▶ **TASK TO COMPLETE**: Your answer must be an exact repeat of the lines from the one containing "Choose decorative stone" through the last line of the records, both included, with no pictures.

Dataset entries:
════

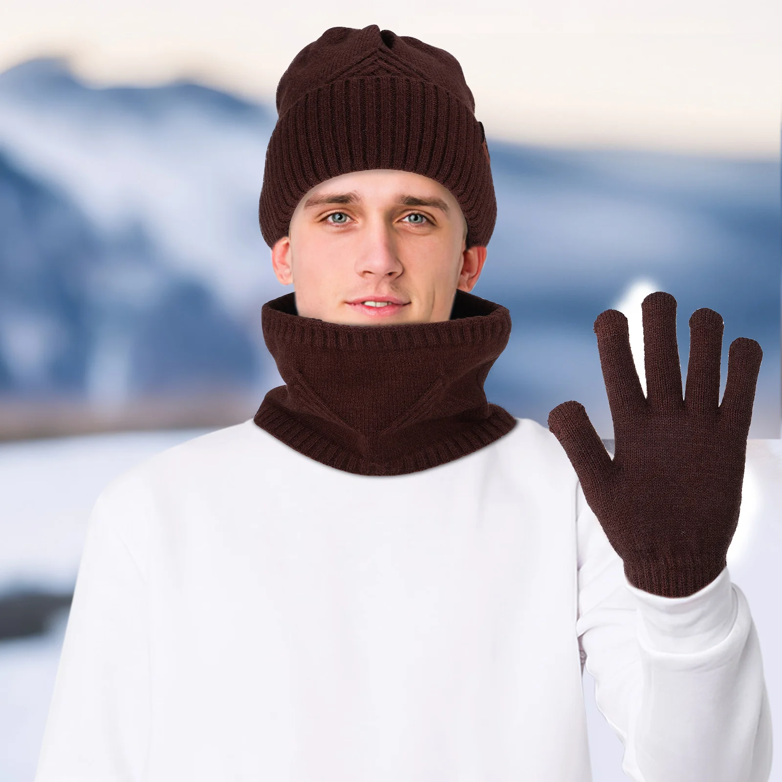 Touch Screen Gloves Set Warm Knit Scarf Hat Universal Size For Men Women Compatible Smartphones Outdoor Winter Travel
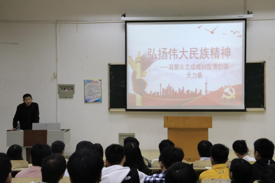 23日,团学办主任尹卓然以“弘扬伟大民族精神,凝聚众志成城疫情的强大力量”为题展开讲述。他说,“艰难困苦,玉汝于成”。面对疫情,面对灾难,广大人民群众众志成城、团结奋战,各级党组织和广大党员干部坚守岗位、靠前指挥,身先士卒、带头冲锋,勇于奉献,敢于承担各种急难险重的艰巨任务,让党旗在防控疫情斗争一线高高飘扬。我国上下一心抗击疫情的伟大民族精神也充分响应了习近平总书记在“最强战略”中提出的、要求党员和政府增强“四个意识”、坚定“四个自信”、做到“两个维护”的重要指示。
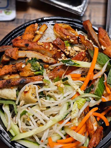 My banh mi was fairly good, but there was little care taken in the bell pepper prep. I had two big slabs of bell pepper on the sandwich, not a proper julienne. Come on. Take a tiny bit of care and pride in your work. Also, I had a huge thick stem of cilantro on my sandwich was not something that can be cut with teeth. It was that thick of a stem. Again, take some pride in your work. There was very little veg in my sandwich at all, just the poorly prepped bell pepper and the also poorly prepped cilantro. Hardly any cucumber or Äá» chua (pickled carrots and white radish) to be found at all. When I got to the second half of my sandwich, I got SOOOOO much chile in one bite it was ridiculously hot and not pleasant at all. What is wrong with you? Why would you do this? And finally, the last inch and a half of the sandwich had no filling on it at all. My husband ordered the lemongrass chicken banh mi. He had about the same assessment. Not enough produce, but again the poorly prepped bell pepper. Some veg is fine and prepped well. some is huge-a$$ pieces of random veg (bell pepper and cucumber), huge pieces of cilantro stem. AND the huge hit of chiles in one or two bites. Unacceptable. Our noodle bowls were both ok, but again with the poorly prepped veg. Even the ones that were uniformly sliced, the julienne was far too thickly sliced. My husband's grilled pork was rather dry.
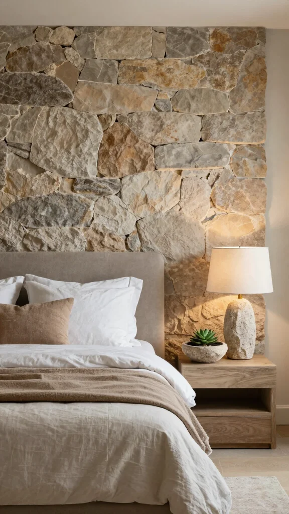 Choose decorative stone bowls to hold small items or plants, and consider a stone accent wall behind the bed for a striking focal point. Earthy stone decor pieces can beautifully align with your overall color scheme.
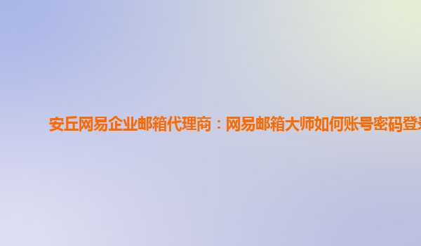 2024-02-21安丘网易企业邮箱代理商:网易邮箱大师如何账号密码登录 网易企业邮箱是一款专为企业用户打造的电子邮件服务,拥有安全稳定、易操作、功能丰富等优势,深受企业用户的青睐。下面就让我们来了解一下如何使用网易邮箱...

════

▶ **EXPECTED ANSWER**:
 Choose decorative stone bowls to hold small items or plants, and consider a stone accent wall behind the bed for a striking focal point. Earthy stone decor pieces can beautifully align with your overall color scheme.
 2024-02-21安丘网易企业邮箱代理商:网易邮箱大师如何账号密码登录 网易企业邮箱是一款专为企业用户打造的电子邮件服务,拥有安全稳定、易操作、功能丰富等优势,深受企业用户的青睐。下面就让我们来了解一下如何使用网易邮箱...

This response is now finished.